Records supplied Start Marker

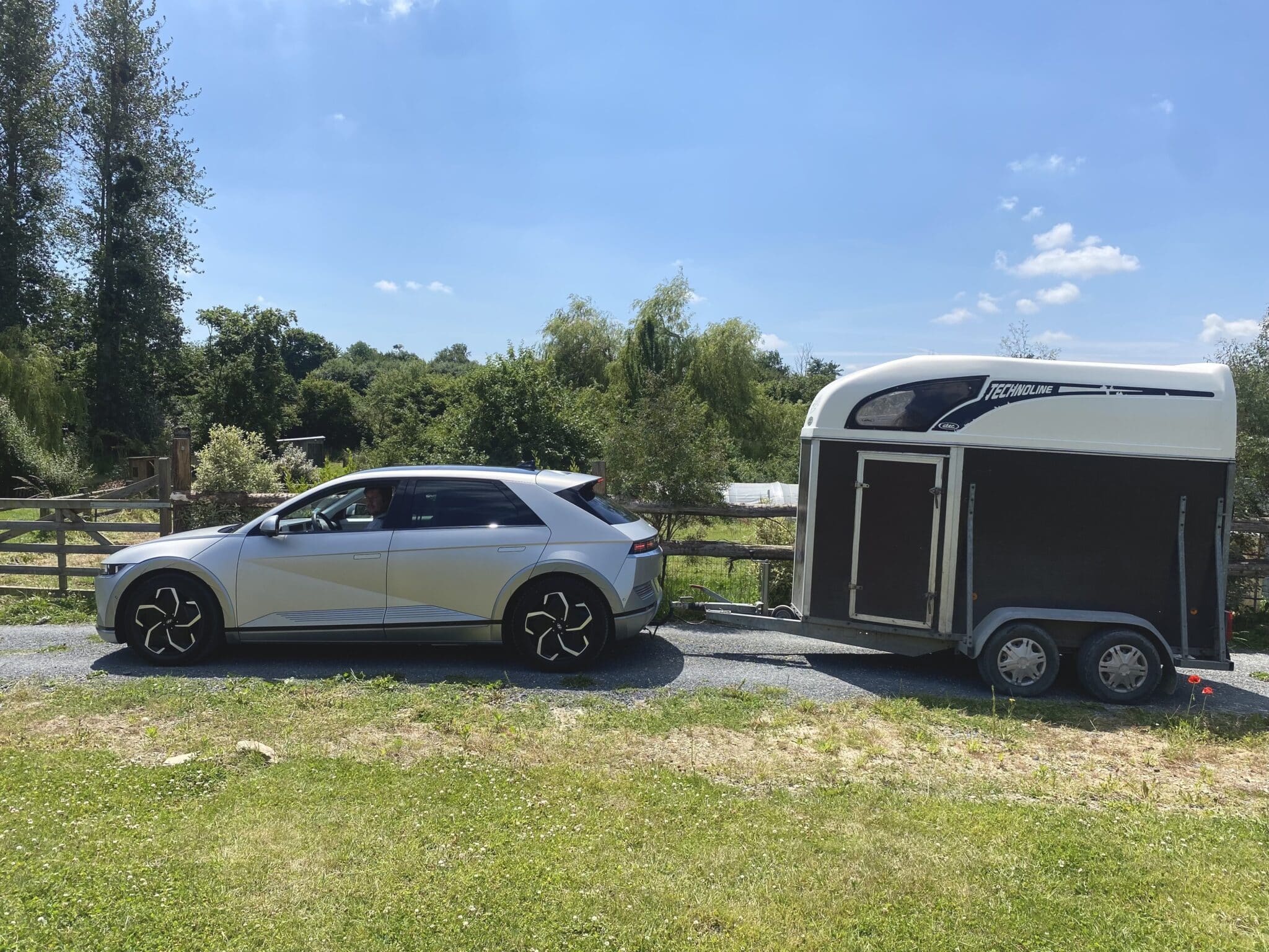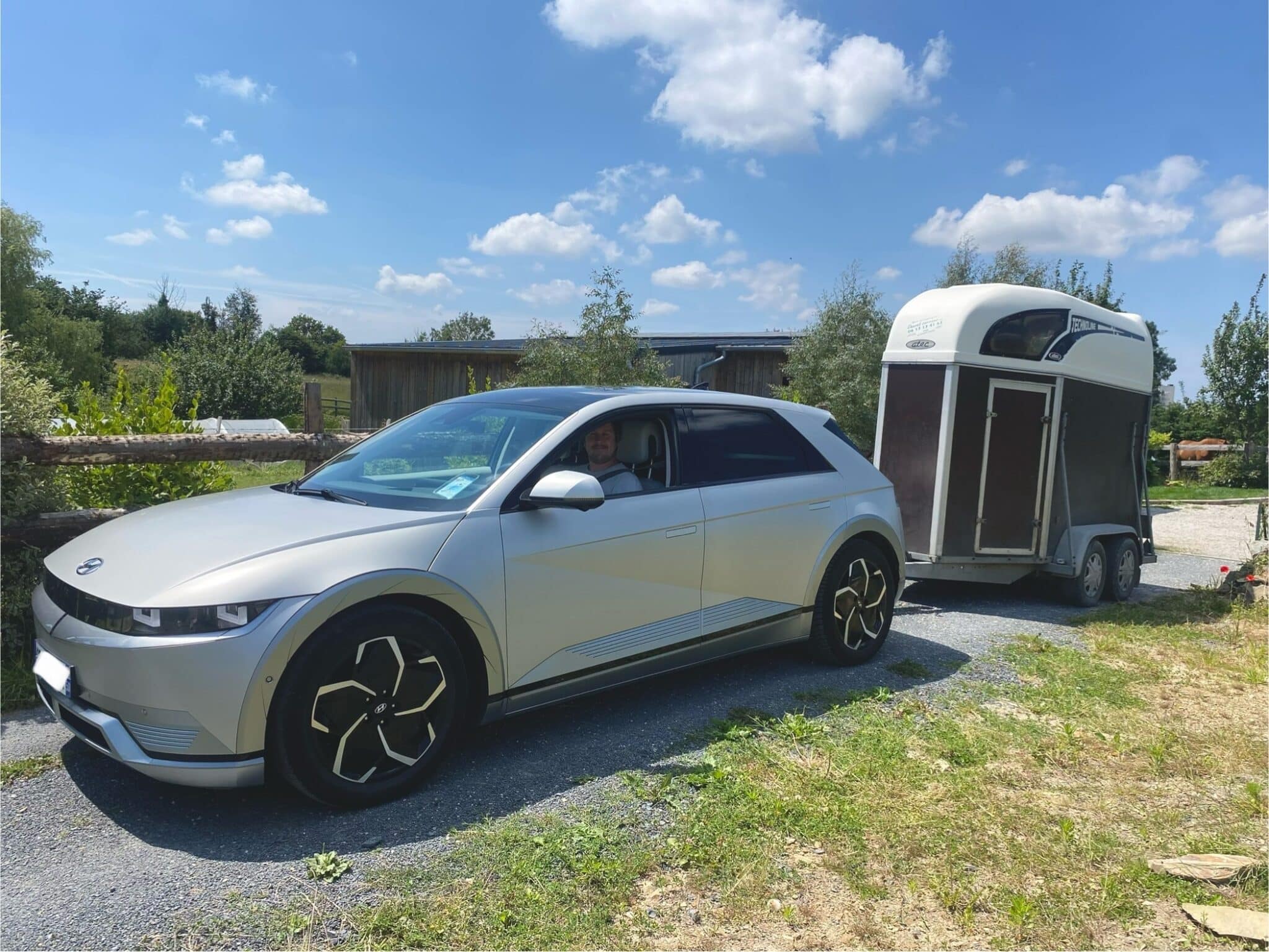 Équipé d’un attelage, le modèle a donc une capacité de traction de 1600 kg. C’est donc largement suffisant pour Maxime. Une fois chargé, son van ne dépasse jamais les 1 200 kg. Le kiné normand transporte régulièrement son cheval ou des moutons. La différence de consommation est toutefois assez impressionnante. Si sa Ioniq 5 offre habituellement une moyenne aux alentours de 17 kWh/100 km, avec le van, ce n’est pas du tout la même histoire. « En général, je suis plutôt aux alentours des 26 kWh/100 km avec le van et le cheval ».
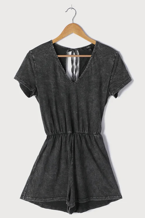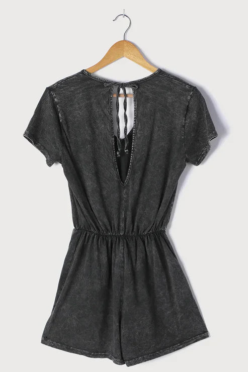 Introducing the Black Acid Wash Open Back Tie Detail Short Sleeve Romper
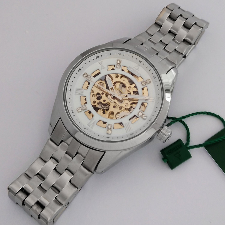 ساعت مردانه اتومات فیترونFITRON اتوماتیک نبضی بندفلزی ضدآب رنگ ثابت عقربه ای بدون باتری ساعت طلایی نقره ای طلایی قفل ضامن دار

Records supplied End Marker
Records supplied Start Marker

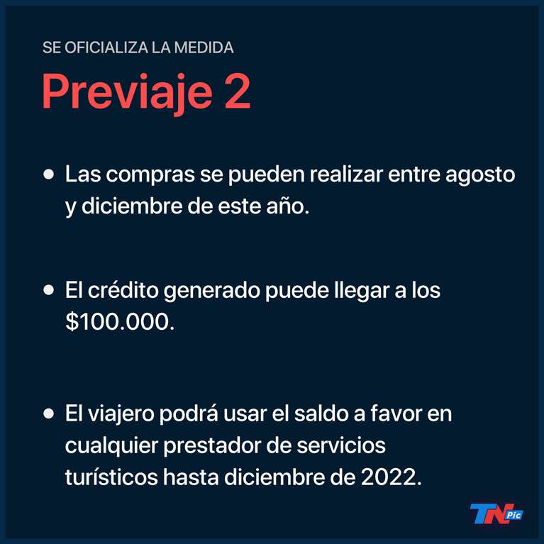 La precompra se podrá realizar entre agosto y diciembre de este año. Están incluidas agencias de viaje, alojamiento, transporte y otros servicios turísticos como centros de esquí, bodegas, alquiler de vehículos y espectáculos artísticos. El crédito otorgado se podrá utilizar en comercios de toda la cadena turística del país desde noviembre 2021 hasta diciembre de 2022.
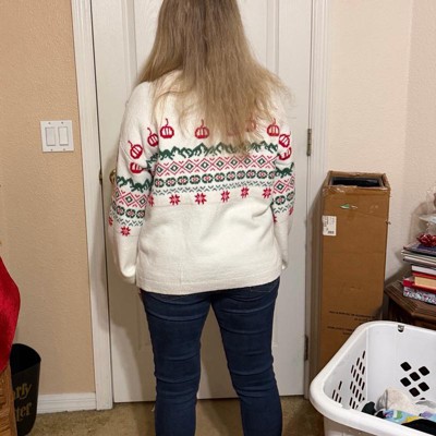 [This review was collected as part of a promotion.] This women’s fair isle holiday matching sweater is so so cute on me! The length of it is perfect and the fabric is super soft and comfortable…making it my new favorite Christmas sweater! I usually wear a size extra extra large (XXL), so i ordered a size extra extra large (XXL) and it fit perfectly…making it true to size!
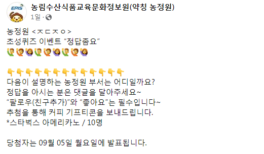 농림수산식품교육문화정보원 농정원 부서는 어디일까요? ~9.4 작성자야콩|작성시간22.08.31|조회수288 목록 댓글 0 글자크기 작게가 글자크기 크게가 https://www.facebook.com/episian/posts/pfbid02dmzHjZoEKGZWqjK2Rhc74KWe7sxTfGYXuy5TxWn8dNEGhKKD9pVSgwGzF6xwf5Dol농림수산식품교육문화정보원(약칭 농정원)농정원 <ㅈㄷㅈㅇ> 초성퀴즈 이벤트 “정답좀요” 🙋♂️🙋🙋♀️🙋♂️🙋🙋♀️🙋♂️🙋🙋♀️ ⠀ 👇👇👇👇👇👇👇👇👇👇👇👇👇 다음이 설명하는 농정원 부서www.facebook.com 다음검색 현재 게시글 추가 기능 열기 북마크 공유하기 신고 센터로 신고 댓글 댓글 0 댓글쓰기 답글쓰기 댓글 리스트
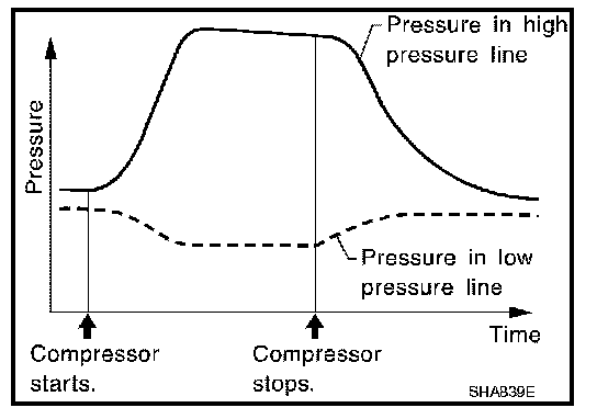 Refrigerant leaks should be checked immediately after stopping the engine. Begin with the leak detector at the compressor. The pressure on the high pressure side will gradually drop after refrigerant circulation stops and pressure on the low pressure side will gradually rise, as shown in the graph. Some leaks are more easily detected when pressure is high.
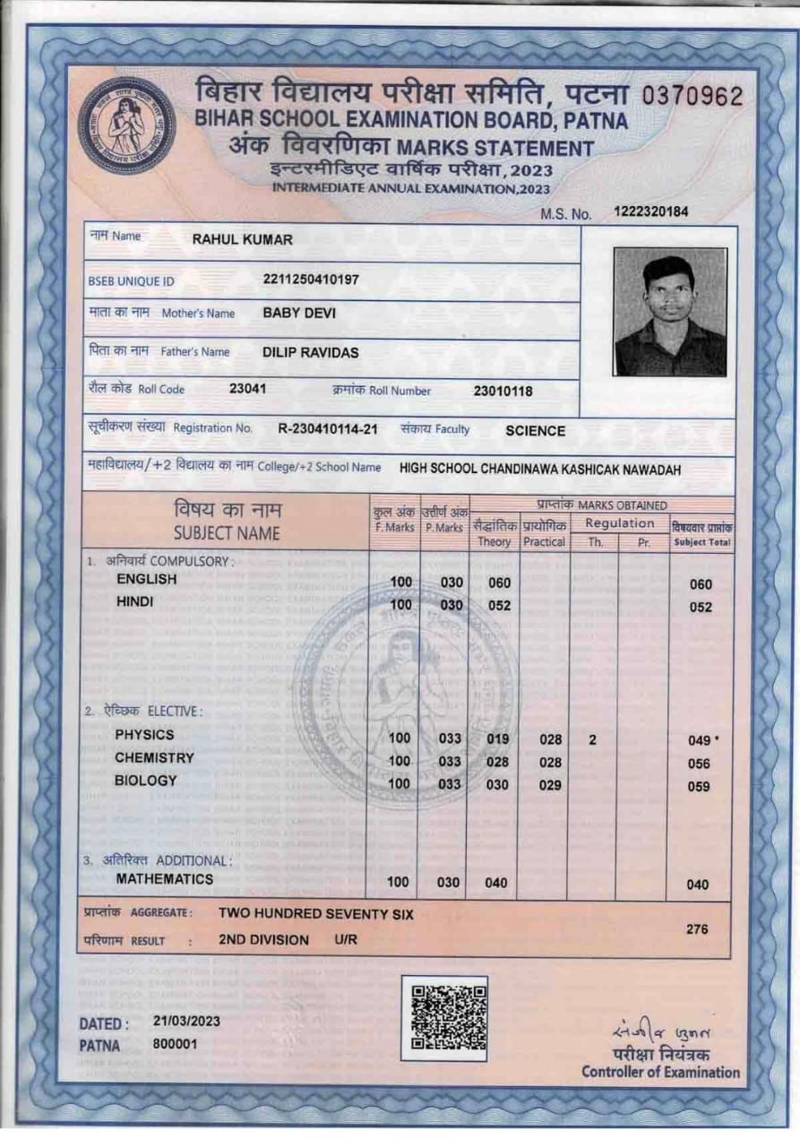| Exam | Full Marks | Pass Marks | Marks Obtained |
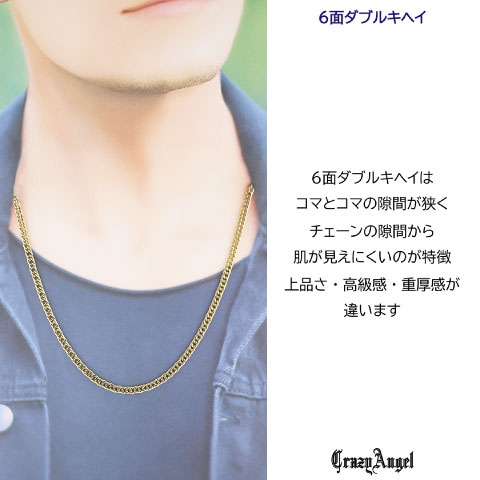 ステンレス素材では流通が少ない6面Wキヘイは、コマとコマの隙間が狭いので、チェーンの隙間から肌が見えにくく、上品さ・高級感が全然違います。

Records supplied End Marker

Task prompt: Leave the pictures out, and transcribe exactly the lines above starting at the one that contains "Refrigerant leaks should" and ending at the one that contains "ステンレス素材では流通が少な".

Task output:
 Refrigerant leaks should be checked immediately after stopping the engine. Begin with the leak detector at the compressor. The pressure on the high pressure side will gradually drop after refrigerant circulation stops and pressure on the low pressure side will gradually rise, as shown in the graph. Some leaks are more easily detected when pressure is high.
| Exam | Full Marks | Pass Marks | Marks Obtained |
 ステンレス素材では流通が少ない6面Wキヘイは、コマとコマの隙間が狭いので、チェーンの隙間から肌が見えにくく、上品さ・高級感が全然違います。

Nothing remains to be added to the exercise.